De qualquer modo, sabemos de outros casos, que no CTIG o exército lidava mal com estas situações de mortes por "acidente com arma de fogo" (termo que em geral era um eufemismo para escamotear as verdadeiras causas de acidentes mortais como o suicídio ou o homicídio).
Para proteger seguramente a família e honrar a memória do 2º sargento Rodolfo Valentim Oliveira, este foi dado como "morto em combate", tendo sido louvado e agraciado, a título póstumo, com a Medalha da Cruz de Guerra de 4ª Classe bem como a Medalha da Cruz de Guerra, colectiva, de 1ª classe.

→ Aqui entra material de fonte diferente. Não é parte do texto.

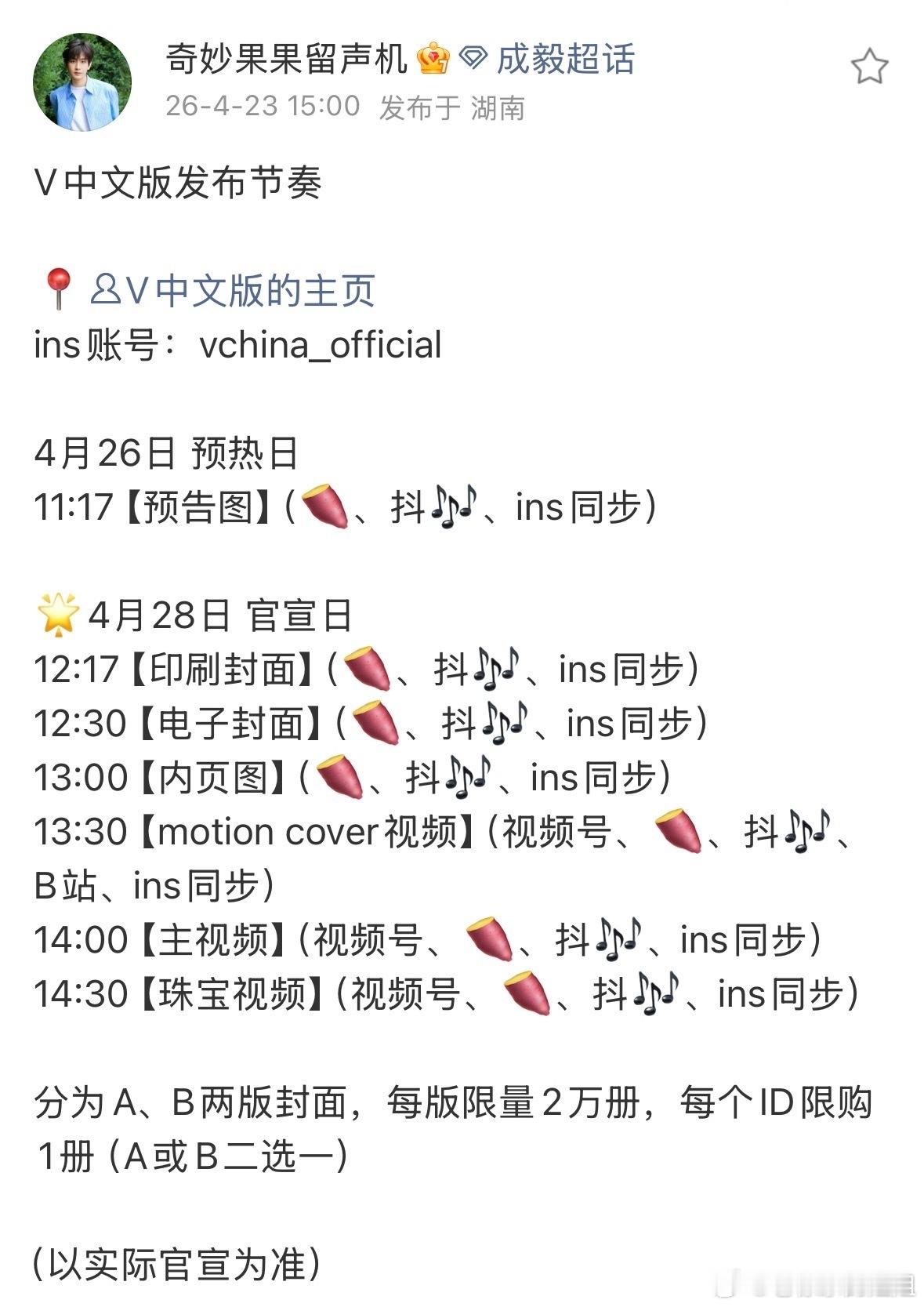 原来温柔从不是嘴上说说,是连杂志都替粉丝考虑周全。这次V中文版,A/B两版各限量2w册,单ID限购一本,只能二选一。嘴上说着“不用为我花钱”,行动上却把每一份偏爱都护得好好的。4月26日预热就位,4月28日拼手速冲!抢好自己的,不囤不炒,用最稳的方式,接住傅诗淇的温柔,护好这份周全! 成毅V中文版发布节奏

2. Lê-se, a propósito, no portal UTW - Ultramar TerraWeb, dos Veteranos da Guerra do Ultramar (com a devida vénia...)
Honra e Glória - Rodolfo Valentim Oliveira (...)
(...) Louvado, a título póstumo, por feitos em combate, publicado na Ordem de Serviço n.º 118, de 1965, da 4.ª Companhia de Caçadores Indígena (4ª CCaçI);
Agraciado, a título póstumo, por feitos em combate, com a Medalha da Cruz de Guerra de 4.ª classe, por despacho do Comandante-Chefe das Forças Armadas da Guiné, de 4 de Março de 1966, publicado na Ordem do Exército n.º 13 – 3.ª série, de 1966;(Publicado na Ordem de Serviço n.º 118, de 1965, da 4.ª Companhia de Caçadores):
Louvado, a título póstumo, o 2.º Sargento, Rodolfo Valentim de Oliveira, da 4.ª Companhia de Caçadores, porque tomando parte numa patrulha a Cobumba, frente a um inimigo superior não só em efectivo, como em armamento automático, mostrou coragem, sensatez, sangue-frio e inteligência no comando da sua Secção, apesar de ter apenas alguns dias de Comissão, pondo sem dúvida em evidência, qualidades de um militar exemplar.
Contudo, durante a retirada do Pelotão, fazendo parte da força de cobertura, foi ferido pelo inimigo, do que adveio o seu falecimento. (...)
3. O que diz o nosso coeditor e colaborador permanente, Jorge Araújo, no poste P18953 (**) ?
A 3.ª BAIXA: - 2.º SARGENTO CMD RODOLFO VALENTIM OLIVEIRA, DA 4.ª CCAÇ, EM 11AGO1965
(...) A morte do 2.º Sargento Cmd Rodolfo Valentim Oliveira, natural de Santiago, Tavira, ocorrida em 11 de Agosto de 1965, 4.ª feira, é considerada a terceira na cronologia dos Sargentos do Exército falecidos em combate no CTIG.
O Sargento Rodolfo Valentim Oliveira pertencia à estrutura orgânica da 4.ª CCAÇ [Companhia de Caçadores Nativos (ou indígenas) constituída por praças africanas de Recrutamento Local, que eram enquadrados por oficiais, sargentos e praças especialistas oriundos da Metrópole.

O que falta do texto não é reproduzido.